The next morning, Bongo meets a female bear named Lulubelle, and the two fall in love. However, a burly rogue bear named Lumpjaw misinterprets Lulubelle's playful slap as affection and claims her for himself. Bongo later learns that slapping is the bears' way of showing love and returns to challenge Lumpjaw. After a fierce fight ending in a plunge down a waterfall, Lumpjaw is swept away, and Bongo and Lulubelle are happily united.

After the story ends, Jiminy notices an invitation to a birthday party for Luana Patten at the house across the street. He hops over and quietly joins the festivities, where Charlie McCarthy, Mortimer Snerd, and Edgar Bergen entertain Luana. Edgar decides to tell a story.

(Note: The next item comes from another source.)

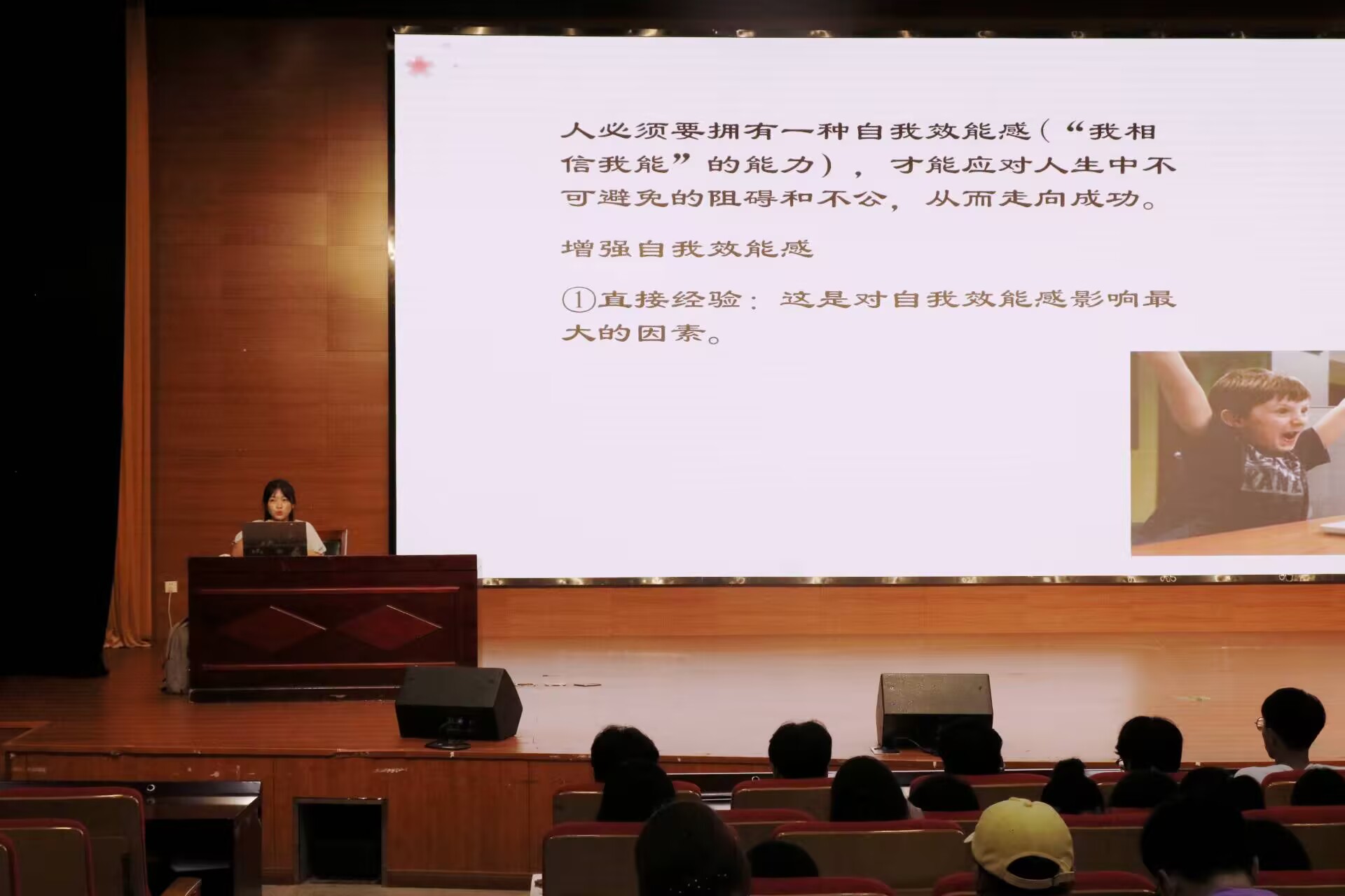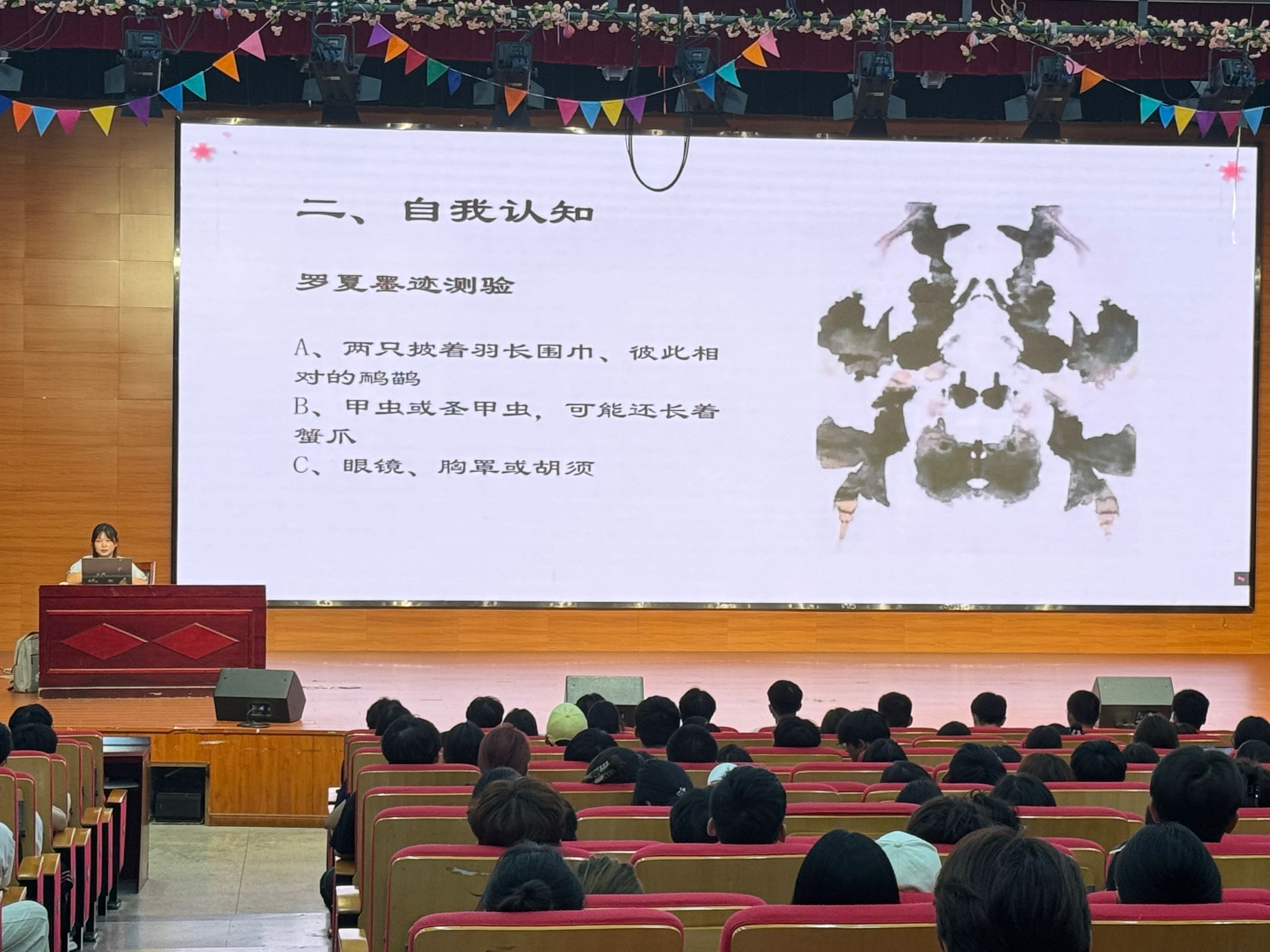 在环境适应方面,汪老师鼓励大家通过正念冥想、情绪日记等方式改善情绪,积极参与实践,拓宽视野。在自我认知方面,汪老师介绍了罗夏墨迹测验、MBTI等工具,帮助同学们多角度了解自己。她特别提到“自我效能感”的培养,鼓励同学们通过直接经验、替代经验、言语劝说和积极情绪管理等方式增强自信。在人际交往方面,汪老师讲解了非暴力沟通技巧,提倡以“我”开头的表达方式,学会倾听与共情,避免过度归因与冲突逃避。在学业实践方面,她建议同学们制定计划、寻求帮助、培养“成长型思维”。讲座最后,汪老师强调:“大学只是另一场旅途的起点,求助是勇者的行为,更是智者的行为。”她介绍了学校心理健康教育指导中心,鼓励同学们在需要时主动寻求专业帮助。

=== Mickey and the Beanstalk ===
In a parody of Jack and the Beanstalk, the kingdom of Happy Valley, sustained by a singing golden harp, falls into despair when the harp is stolen. The story focuses on three poor farmers — Mickey, Donald, and Goofy — are down to a single loaf of bread and one bean. Driven mad by hunger, Donald nearly kills their pet cow, prompting Mickey to trade the cow for "magic beans". Enraged and thinking that Mickey had been defrauded, Donald throws the beans and they fall into a hole in the floor. Overnight, the beans, which turn out to be truly magical after all, sprout into a gigantic beanstalk that lifts their house to the sky.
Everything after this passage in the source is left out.